Znamy najbardziej punktualne linie lotnicze i porty na świecie. Duży spadek LOT i lotniska Chopina
W tegorocznej edycji OAG przeanalizowała dane z aż 54 mln lotów, by ustalić które linie i porty lotnicze są najbardziej punktualne. Przy czym w rankingu uwzględnia się „akademicki kwadrans” – jeśli wylot lub przylot nastąpił do 15 minut po planowanym czasie, jest on uznawany w branży lotniczej za zgodny z harmonogramem.
W zeszłorocznej edycji rankingu świetnie poszło reprezentantom Polski. LOT został 10. najbardziej punktualną linią lotniczą świata, a lotnisko Chopina zajęło 8. miejsce na świecie w swojej kategorii „wagowej” średnich lotnisk. W tym roku poszło im zdecydowanie gorzej.
– LOT został sklasyfikowany na 37. miejscu w naszym rankingu w skali świata – mówi Caroline Mather, dyrektor marketingu OAG.
Z kolei wśród linii lotniczych z regionu EMEA (Europa, Bliski Wschód, Afryka) LOT zajął 20. miejsce.

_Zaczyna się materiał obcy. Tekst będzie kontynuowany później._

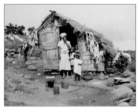
A. Hut with family who answered Engledow's food questions in Tortola
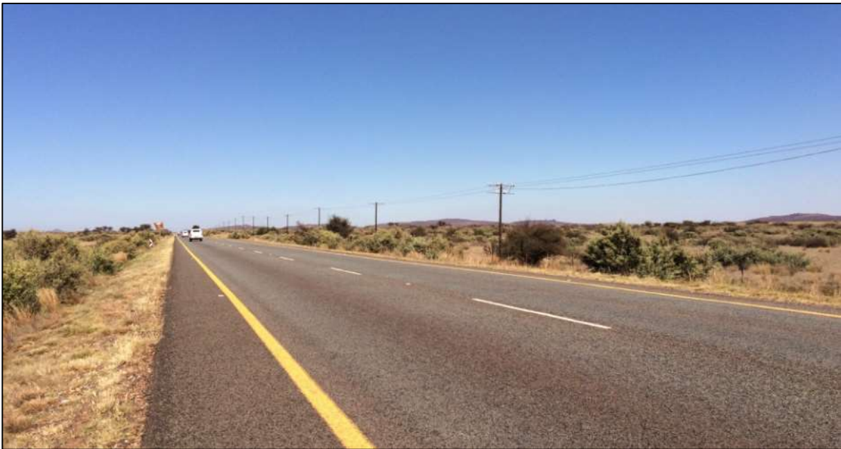
Figure 8: View south from Photo 7 showing the N14 national road crossing point.
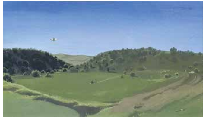
18. Ronit Goldschmidt, Landscape with Airplane $1000
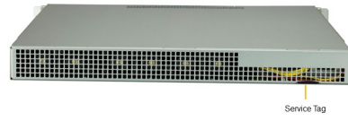
(Rear View – System)
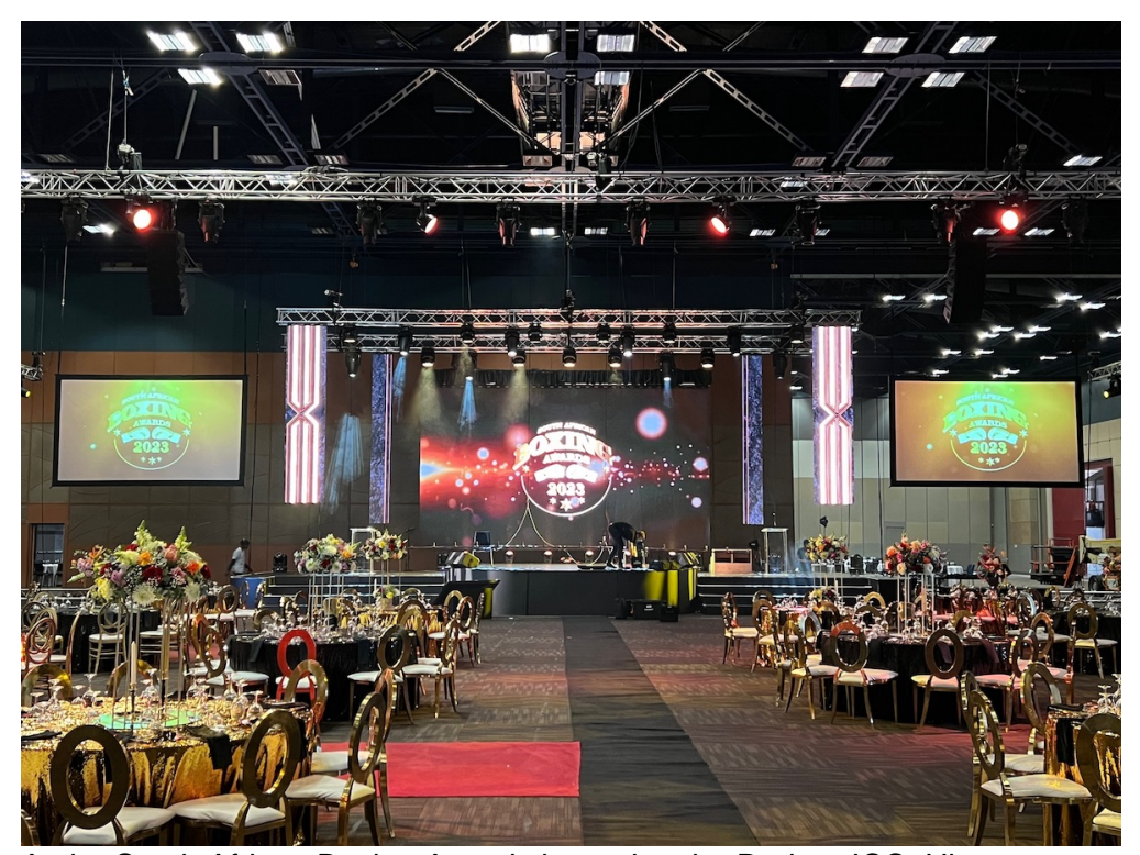
At the South African Boxing Awards hosted at the Durban ICC, Hirezone again used their grandMA3 compact XT console.
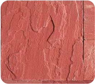
Dholpur Red Sandstone
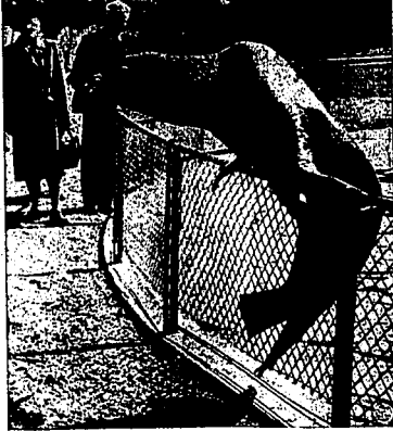
It looks like Snap, the sea lion at the Whippinake, England, too, wants out. Actually, he's just hungry. Snap smells the approach of the skipper with his fish dinner, and likes to meet him half way.
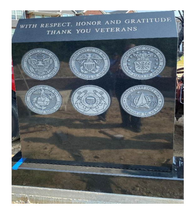
The Washington Memorial
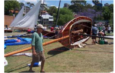
Preparing the Skiff
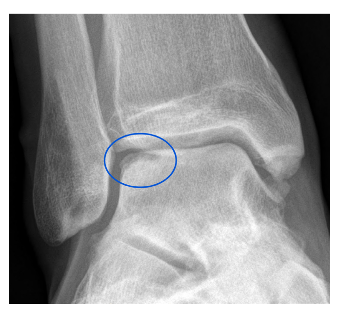
Figure 1 Pre-treatment X-ray showing evidence of an osteochondral lesion (blue circle).

The current level of evidence of MSC therapy was thoroughly discussed with the patient and he received formal written information regarding the use of and relative risks that may be associated with MSC therapy. Alternatives including excision and curettage in isolation, additional bone marrow stimulation methods and graft techniques including OATS and ACI were discussed. Prior to commencement of treatment, the patient completed formal written consent.
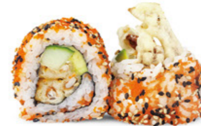
Soft shell crab roll (5pcs.) 8.5 Tempura soft shell crab, cucumber and avocado with spicy sauce topped with capelin roe, sesame seeds and unagi sauce
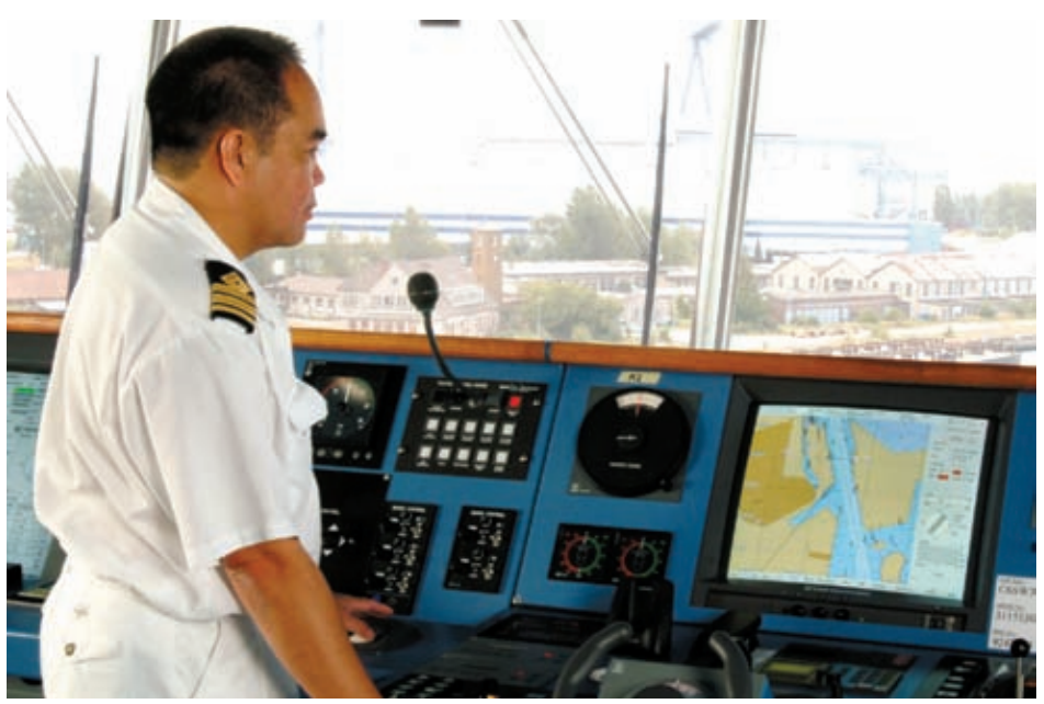
Electronic charts and ECDIS can make it easier to update folios, and may also reduce the burden on the navigator

Satellite connectivity can allow a vessel, in the deepest parts of the ocean and far from land, to be updated with the most accurate charts available almost instantaneously.

Z wyliczeń firmy badawczej wynika, że 79,7 proc. lotów narodowego przewoźnika startowało i lądowało o czasie. Rok temu ten wskaźnik wyniósł 88,88 proc.
Jeszcze większy spadek zanotowało Lotnisko Chopina, które zajęło dopiero 124. miejsce na świecie w „lidze punktualności”. W kategorii średnich lotnisk warszawski port zajął 35. miejsce ze wskaźnikiem punktualności wynoszącym 78,5 proc. W 2015 r. o czasie startowało z Warszawy 89,87 proc. wszystkich samolotów.

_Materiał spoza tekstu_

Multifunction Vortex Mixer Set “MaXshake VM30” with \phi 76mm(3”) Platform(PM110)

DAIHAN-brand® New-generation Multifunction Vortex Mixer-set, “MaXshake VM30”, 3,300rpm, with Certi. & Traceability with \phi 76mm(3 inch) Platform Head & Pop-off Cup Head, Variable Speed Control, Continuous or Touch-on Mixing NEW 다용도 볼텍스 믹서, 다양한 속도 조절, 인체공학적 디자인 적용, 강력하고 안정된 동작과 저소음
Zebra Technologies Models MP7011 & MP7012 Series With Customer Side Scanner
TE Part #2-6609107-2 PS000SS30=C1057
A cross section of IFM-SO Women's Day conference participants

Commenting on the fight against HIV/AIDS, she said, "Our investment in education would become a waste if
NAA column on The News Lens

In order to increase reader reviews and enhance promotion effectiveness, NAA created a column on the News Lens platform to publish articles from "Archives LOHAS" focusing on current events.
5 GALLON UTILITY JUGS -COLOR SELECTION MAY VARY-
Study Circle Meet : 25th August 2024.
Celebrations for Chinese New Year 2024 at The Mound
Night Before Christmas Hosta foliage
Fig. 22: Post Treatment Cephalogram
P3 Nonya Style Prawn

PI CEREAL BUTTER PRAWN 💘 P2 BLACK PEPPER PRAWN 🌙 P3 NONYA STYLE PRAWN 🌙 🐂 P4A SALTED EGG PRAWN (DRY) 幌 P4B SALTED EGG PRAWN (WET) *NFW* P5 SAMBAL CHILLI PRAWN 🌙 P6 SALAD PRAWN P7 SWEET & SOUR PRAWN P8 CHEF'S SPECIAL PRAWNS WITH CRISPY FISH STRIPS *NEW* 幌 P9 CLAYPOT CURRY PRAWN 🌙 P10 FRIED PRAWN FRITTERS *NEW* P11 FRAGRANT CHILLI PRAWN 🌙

Tak duży spadek LOT może być związany z dużym rozrostem siatki połączeń. Dodatkowo na część opóźnień wpłynęła sytuacja ze złym oświetleniem dróg startowych na lotnisku Chopina. W związku z tym, PAŻP zmniejszył przepustowość portu w Warszawie, a przewoźnicy zaczęli narzekać na opóźnienia. Jak czytamy w „Dzienniku Gazecie Prawnej”, z powodu problemów, jesienią na lotnisku w Warszawie bywały dni, gdy nawet 15 lotów dziennie było opóźnionych.

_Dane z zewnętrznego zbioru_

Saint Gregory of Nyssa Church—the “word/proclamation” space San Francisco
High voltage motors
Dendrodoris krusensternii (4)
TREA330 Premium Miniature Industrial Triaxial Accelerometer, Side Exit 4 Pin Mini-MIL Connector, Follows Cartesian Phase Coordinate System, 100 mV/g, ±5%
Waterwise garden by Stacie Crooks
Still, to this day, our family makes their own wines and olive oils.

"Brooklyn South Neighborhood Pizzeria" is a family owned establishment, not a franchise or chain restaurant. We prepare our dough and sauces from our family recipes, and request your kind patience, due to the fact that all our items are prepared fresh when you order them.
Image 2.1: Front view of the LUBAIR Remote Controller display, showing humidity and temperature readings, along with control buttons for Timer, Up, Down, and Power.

Które lotniska i porty lotnicze są najbardziej punktualne? Zapraszamy do przyjrzenia się rankingowi.
W kategorii portów odprawiających od 2,5 do 5 mln pasażerów rocznie, najbardziej punktualnym lotniskiem było angielskie Newcastle. Zarówno lider jak i wicelider tej kategorii, czyli amerykańskie lotnisko w Anchorage na Alasce, w zeszłym roku nie były sklasyfikowane w czołowej dwudziestce.
Trzecie miejsce (tak jak przed rokiem) zajmuje lotnisko Bruksela-Charleroi i przyznam szczerze, że biorąc pod uwagę jak zapchany i ciasny jest to port, to wynik ten jest z pewnością dużym zaskoczeniem.